After a second visit, doctors would be free to prescribe the drugs for a longer period. That will only apply to adults, however. Children will only be allowed to get a seven-day supply.

Exceptions will be made for patients suffering from chronic pain.

Members of the medical community and law enforcement agree prescribing practices need to be honed, but express caution about limiting doctors’ freedom.

“Do we buy another cruiser or do we help out people who are addicted with the money that comes from drug dealers?” — Leonard Campanello

“I’m not a big fan of any kind of algorithmic fix to anything or, say, setting arbitrary limits on anything,” said Dr. Brian Work, a hospitalist and public health professor in Philadelphia. Work also chairs the board at Prevention Point Philadelphia.

“We saw it and it didn’t work with three strikes and you’re out in law. Equally, in medicine with complex issues, I don’t think that works very well,” he said.

Leonard Campanello, chief of police in Gloucester, believes there’s another entity that needs to come to the table helping to address this crisis: The pharmaceutical companies.

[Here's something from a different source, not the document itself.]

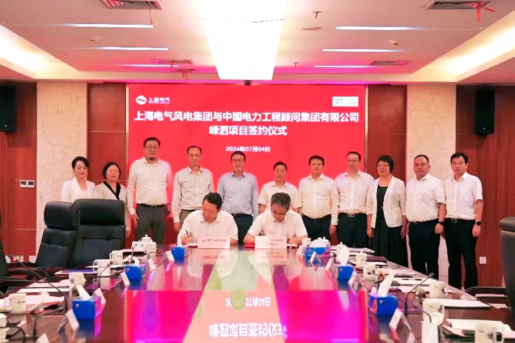 近日,在上海电气集团(以下简称“上海电气”)党委委员、副总裁金孝龙,中国电力工程顾问集团有限公司(以下简称“中电工程”)党委书记、董事长罗必雄的共同见证下,上海电气风电集团股份有限公司(以下简称“电气风电”)与中电工程签署《嵊泗3#、4#海上风电项目风电机组(含塔筒)设备采购合同》,标志着双方在新能源领域进一步深化战略合作关系。

He’s calling on them to release abuse deterrent formulas to generic drug makers including coatings that make pills hard to crush or dissolve, to support drug monitoring programs, and to have an independent group provide training to police and the medical community.

“It’s like putting the fox in the hen house and teaching them how to go away from the fox. It’s a joke,” he said.

If the manufacturers don’t voluntarily offer help, Campanello believes legal intervention could be necessary.

“If any entity in this epidemic is not going to come to the table voluntarily and altruistically, then I think there’s an opportunity to hold people accountable for the state, their role, the role they play to this epidemic,” he said.


Law enforcement officials who have developed these innovative approaches to attacking the opioid and heroin epidemic see their efforts as a stop gap.

They believe a day will come when the public health sphere renders their work unnecessary.

“We should be a catalyst. We should be an entry point into an established system for people getting better and saving their lives,” said Thomson. He says police have a wide set of responsibilities and cannot be expected to shoulder the burden alone.

“We just want the problem to get fixed,” said Campanello. “That’s why we need all these stakeholders to come in and then law enforcement will step out and say, ‘We’re just a safe haven. We can make one phone call and you guys took care of the rest.’”

Until a comprehensive strategy is put in place to combat every facet of this opioid and heroin epidemic, police will continue to carry out their primary directive: Preserve life.